The L1-norm codeviation is a robust statistic, but is not epecially useful. It has a surprising close relationship to fuzzy logic. It also provides insight into what causes non-metric distance functions to violate the triangle inequality.

## References

1. http://archive.ics.uci.edu/ml/datasets.html
2. G. Klir, B. Yuan, Fuzzy Sets and Fuzzy Logic, Prentice Hall, 1995.
3. T. M. Mitchell, Machine Learning, New Delhi: McGraw Hill Education, 2013. 
4. M. Eisen, P. Spellman, P. Brown, D. Botstein, "Cluster Analysis and display of genome-wide expression data," Proceedings of National Academy of Science, USA v.95 pp.14863-14868, 1998. cited in: 
5. Peter J. Rousseeuw and Katrien Van Driessen, "A Fast Algorithm for the Minimum Covariance Determinant Estimator," Revised version, 15 December 1998.

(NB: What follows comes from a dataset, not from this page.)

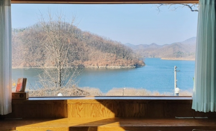 프란스테이션의 가장 큰 매력은 탁 트인 창문 너머로 펼쳐지는 대청호의 풍경입니다. 마치 액자 속 그림 같은 풍경은 잊지 못할 추억을 선사합니다.

6. Julian Laub, Non-Metric Pairwise Proximity Data. Technical University of Berlin, 10 December 2004.
7. Sergios Theodoridis and Konstantinos Koutroumbas, Pattern Recognition, Third Edition, Academic Press/Elsevier, 2006.
8. Here the correlation distance is defined as 1-r.
Michiel de Hoon, Seiya Imoto, and Satoru Miyano. Users' manual for: The C Clustering Library for cDNA Microarray Data University of Tokyo, Institute of Medical Science, Human Genome Center, 27 December 2010.